# Intake Tube 2.0 16V Megasuirt w/Passt TB



## 16ValveInside (Nov 20, 2004)

*No Bling Intake Tube 2.0 16V Megasquirt w/Passt TB*

What did you use for a Intake Tube.

I would rather go with a black plastic one, I'll be using a Passat t/body and the OE rubber elbow, and then out to a filter, but I'm looking and can't find anything.


----------



## bonesaw (Aug 8, 2004)

you can fit a coupler over the oval throttle body. try one of the thinner style silicone couplers.


----------



## ps2375 (Aug 13, 2003)

I kept all the stock pieces and gutted the airbox of the metering plate and stuff and even opened up the hole the plate sat in.


----------



## 16ValveInside (Nov 20, 2004)

bonesaw said:


> you can fit a coupler over the oval throttle body. try one of the thinner style silicone couplers.

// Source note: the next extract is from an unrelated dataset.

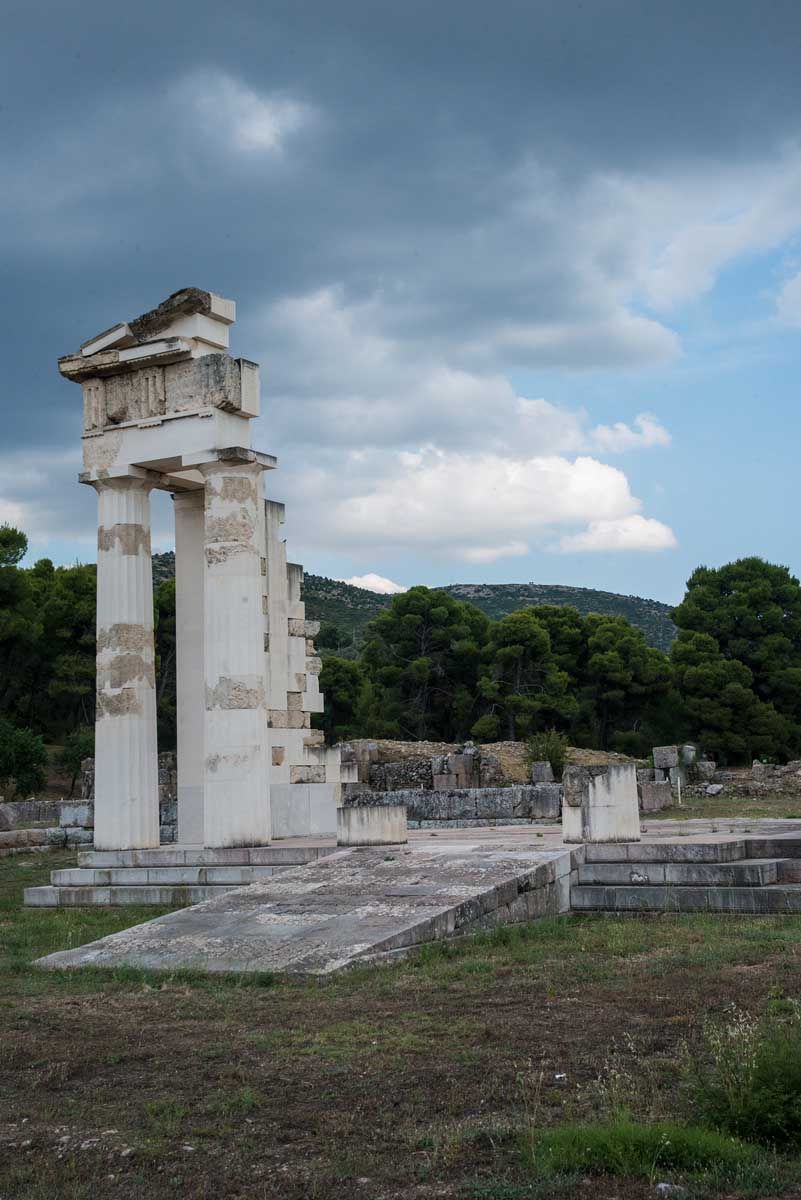 Στον λόφο Κυνόρτιον, πίσω από το ξακουστό θέατρο της Επιδαύρου, στα βορειοανατολικά, ήδη από την προϊστορική εποχή υπήρχε ιερό, στο οποίο λατρευόταν μια γυναικεία θεότητα που συνδεόταν με την ίαση. Στην ίδια θέση ιδρύθηκε στην αυγή της αρχαϊκής εποχής ιερό αφιερωμένο στον Απόλλωνα, θεό με θεραπευτικές ιδιότητες, που λατρευόταν εδώ ως Απόλλωνας Μαλεάτας. Η λατρεία τού κυρίως θεραπευτή θεού, του Ασκληπιού, που η μυθική παράδοση τον παρουσιάζει ως αυτόχθονα γιο του Απόλλωνα και της εγγονής του βασιλιά Μάλου της Επιδαύρου, της Κορωνίδας, καθιερώθηκε κατά τον 6ο αι. π.Χ. Σύμφωνα με τον μύθο, ο Απόλλωνας, μετά την ένωσή του με την Κορωνίδα, φεύγει για τους Δελφούς αφήνοντας πίσω ένα λευκό κοράκι. Όταν εκείνη ερωτεύεται τον Ίσχυ, γιο του Έλατου, εκείνος (ή η αδερφή του Άρτεμη) σκοτώνει με βέλος την Κορωνίδα. Ο Ερμής όμως προλαβαίνει και βγάζει από την κοιλιά της το παιδί που είχε συλλάβει από τον αδερφό του και το εμπιστεύεται στον κένταυρο Χείρωνα. Ο Απόλλωνας καταριέται το λευκό κοράκι, που γίνεται για πάντα μαύρο… Ο αριθμός των προσκυνητών, που ολοένα αυξανόταν, δημιούργησε την ανάγκη ίδρυσης ενός μεγαλύτερου ιερού, ένα χιλιόμετρο περίπου νοτιοδυτικά του Κυνόρτιου. Τα δύο ιερά εξελίχθηκαν παράλληλα, με την επίσημη ονομασία «Ιερόν Απόλλωνος Μαλέατα και Ασκληπιού»: ο Απόλλωνας ήταν η πνευματική πηγή της θεραπείας και ο Ασκληπιός ένα είδος «μεσολαβητή», που κινείται μεταξύ δύο κόσμων, εκείνου των θεών κι εκείνου των ανθρώπων… Στον νέο ιερό χώρο βρισκόταν ο δωρικός ναός του Ασκληπιού, του οποίου είναι σήμερα ορατή μόνο η θεμελίωση. Ο ναός, που περιβαλλόταν από κίονες (περίπτερος), αποτελούνταν από πρόναο και σηκό με εσωτερική κορινθιακή κιονοστοιχία σε σχήμα Π. Οι επιγραφικές μαρτυρίες μάς δίνουν την πληροφορία ότι ο αρχιτέκτονας του ναού λεγόταν Θεόδοτος. Μέσα στον ναό δέσποζε το χρυσελεφάντινο άγαλμα του θεού, έργο του Πάριου γλύπτη Θρασυμήδη. Στο ανατολικό αέτωμα εικονιζόταν η άλωση της Τροίας και στο δυτικό η Αμαζονομαχία. Γύρω από τον ναό είχαν οικοδομηθεί τα υπόλοιπα κτίσματα που συνδέονταν με τη λατρεία του θεού και την τελετουργία της ίασης: το Άβατο, όπου γινόταν η εγκοίμηση των ασθενών, η Θόλος ή Θυμέλη, ένα κυκλικό περίστυλο οικοδόμημα όπου στεγαζόταν η μυστηριακή χθόνια λατρεία του Ασκληπιού, και το κτιριακό συγκρότημα του Τελετουργικού Εστιατορίου, που οικοδομήθηκε κατά την ελληνιστική περίοδο. Σε αυτό το συγκρότημα υπήρχαν το κυρίως κτίριο του Εστιατορίου, το μνημειώδες Πρόπυλό του, που λίγα χρόνια αργότερα μετατράπηκε σε ναό της Υγείας, το Ωδείο στον χώρο της περίστυλης αυλής και μια Κρήνη στα νοτιοανατολικά, καθώς το νερό ήταν απαραίτητο για οποιαδήποτε ιαματική διαδικασία. Ο κεντρικός χαρακτήρας της λατρείας ίσως διαδραματιζόταν εδώ καθώς, σύμφωνα με τη γραπτή παράδοση, υπήρχε παρουσία του Ασκληπιού (Θεοφάνια) στα τελετουργικά γεύματα, που προσέφεραν δύναμη, υγεία κι ελπίδα στους προσκυνητές.

Thanks, good to know, now where can I find a Intake tube with no "bling"?


----------



## ellocolindo (Jan 15, 2010)

if interested i have passat and mk2 16v intak epipes. oem plastic. or also a cabriolet 85 8v intake pipe.


----------



## 16ValveInside (Nov 20, 2004)

anyone have any pics of what they used on a 16V engine


----------



## [email protected] (Dec 8, 2007)

I do..


----------



## 16ValveInside (Nov 20, 2004)

[email protected] said:


> I do..


Thanks, looking good, did you fab that one yourself? I read that an intake tube for a 92 Civic fits.


----------



## [email protected] (Dec 8, 2007)

no, it's an aftermarket replacement for OEM plastic tube, some people believe that bigger diameter makes more power


----------



## 16ValveInside (Nov 20, 2004)

[email protected] said:


> no, it's an aftermarket replacement for OEM plastic tube, some people believe that bigger diameter makes more power


might be one of the ABD big bore tubes. I'm looking for something a little longer.
I'll probably order one of the 92 honda civic short ram intake tubes with K&N filter off ebay


----------



## 16ValveInside (Nov 20, 2004)

I bought one of the AirAid U build it Universal Intake kits 3" diameter without the filter and clamps, etc. just the black plastic tube.
Its shaped like a big U and all the different bends and straight pieces are all made together, just cut between the lines and use the pieces you need.
I'll post a pic when I finish.


----------



## DocWalt (Sep 6, 2012)

ABD big bore intake tube with a Digi airbox upper modded with a plastic digi cone filter adapter in place of the MAF... I forget the size of PVC pipe we used to fit, but the mod wasn't too terrible. I even had my brother do the work for me 



















If that didn't work out I'd have done exactly what ps2375 did, the CIS stuff flows plenty of air with the flapper and arm removed. His porting work on the housing looks like a really nice improvement too.


----------



## 16ValveInside (Nov 20, 2004)

right out of the box the u-build-it intake tube - I ordered the 3" tube










just cut between the ribs with a a PVC /plastic saw and smooth down the edges with a PVC/plastic file










bought some couplers and still playing with the pieces trying different ways to route the intake










or










what do you think


----------